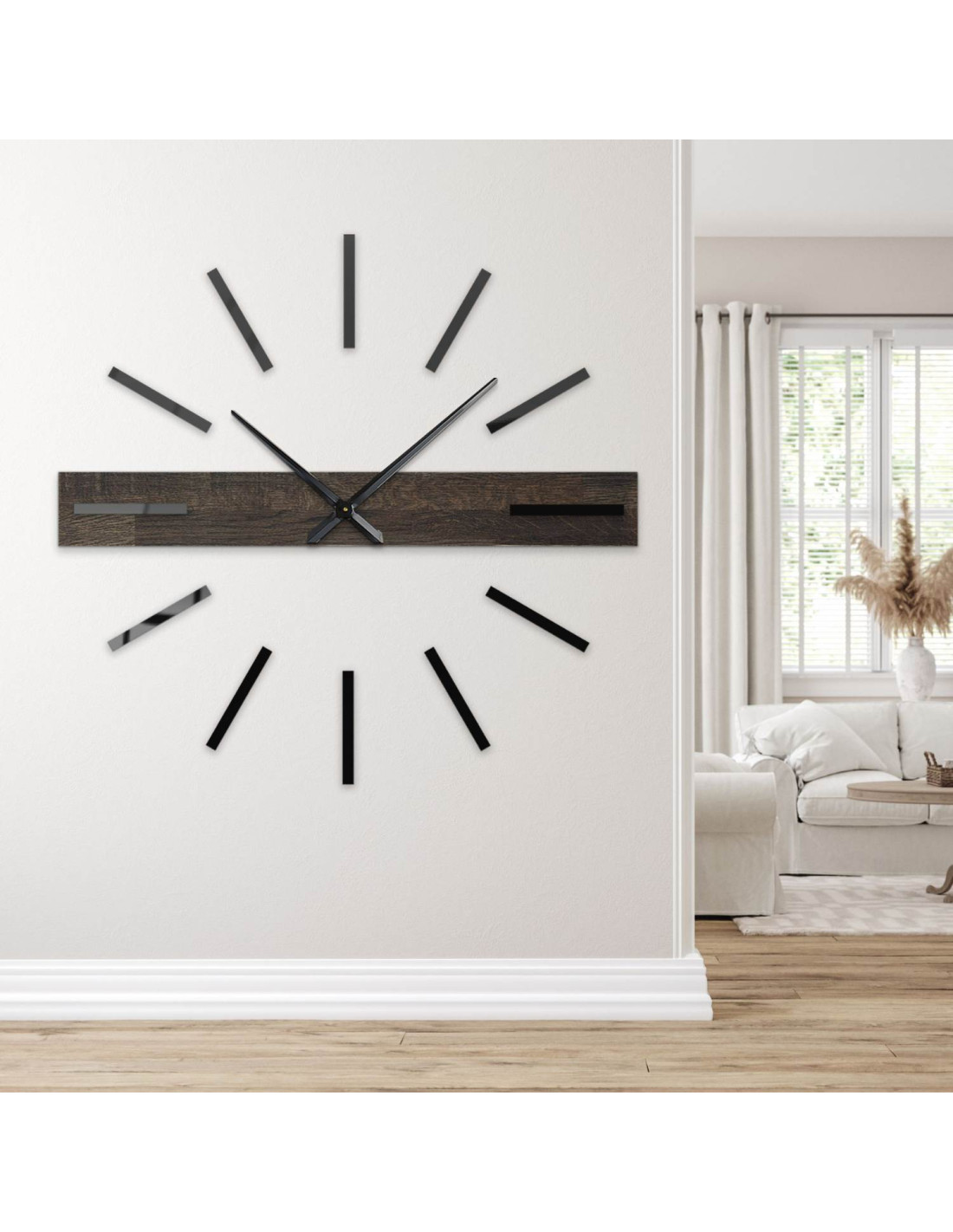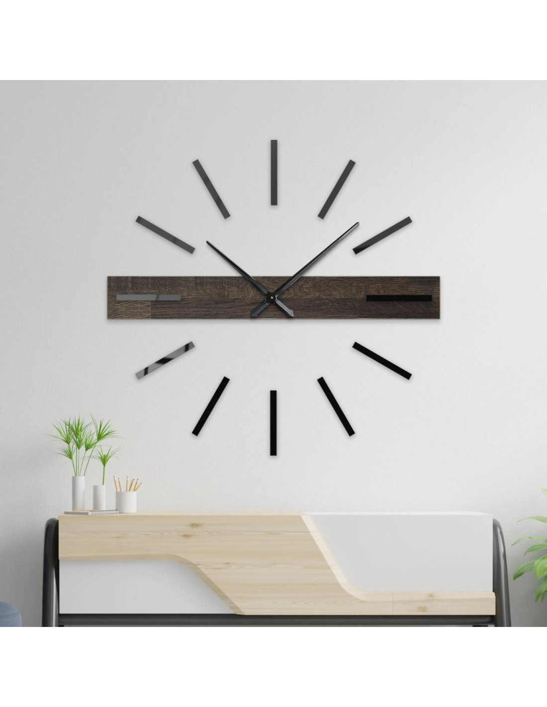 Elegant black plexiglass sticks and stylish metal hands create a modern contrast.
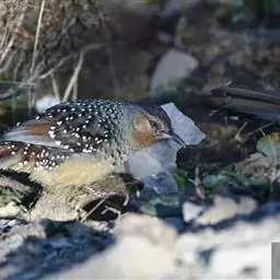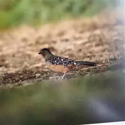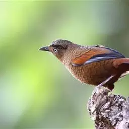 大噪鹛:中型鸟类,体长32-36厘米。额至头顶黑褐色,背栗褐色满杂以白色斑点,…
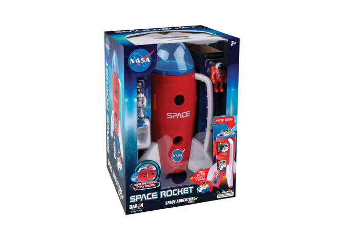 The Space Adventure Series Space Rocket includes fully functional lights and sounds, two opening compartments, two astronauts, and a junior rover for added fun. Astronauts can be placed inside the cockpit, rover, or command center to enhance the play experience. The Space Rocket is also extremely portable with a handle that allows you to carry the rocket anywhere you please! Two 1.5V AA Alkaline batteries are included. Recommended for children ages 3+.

________________

-- The task --
Print, exactly and only, the lines running from the line with "大噪鹛:中型鸟类,体长32-36厘米。额" through the last line of the data, including both. Skip any picture.

-- Reply --
 大噪鹛:中型鸟类,体长32-36厘米。额至头顶黑褐色,背栗褐色满杂以白色斑点,…
 The Space Adventure Series Space Rocket includes fully functional lights and sounds, two opening compartments, two astronauts, and a junior rover for added fun. Astronauts can be placed inside the cockpit, rover, or command center to enhance the play experience. The Space Rocket is also extremely portable with a handle that allows you to carry the rocket anywhere you please! Two 1.5V AA Alkaline batteries are included. Recommended for children ages 3+.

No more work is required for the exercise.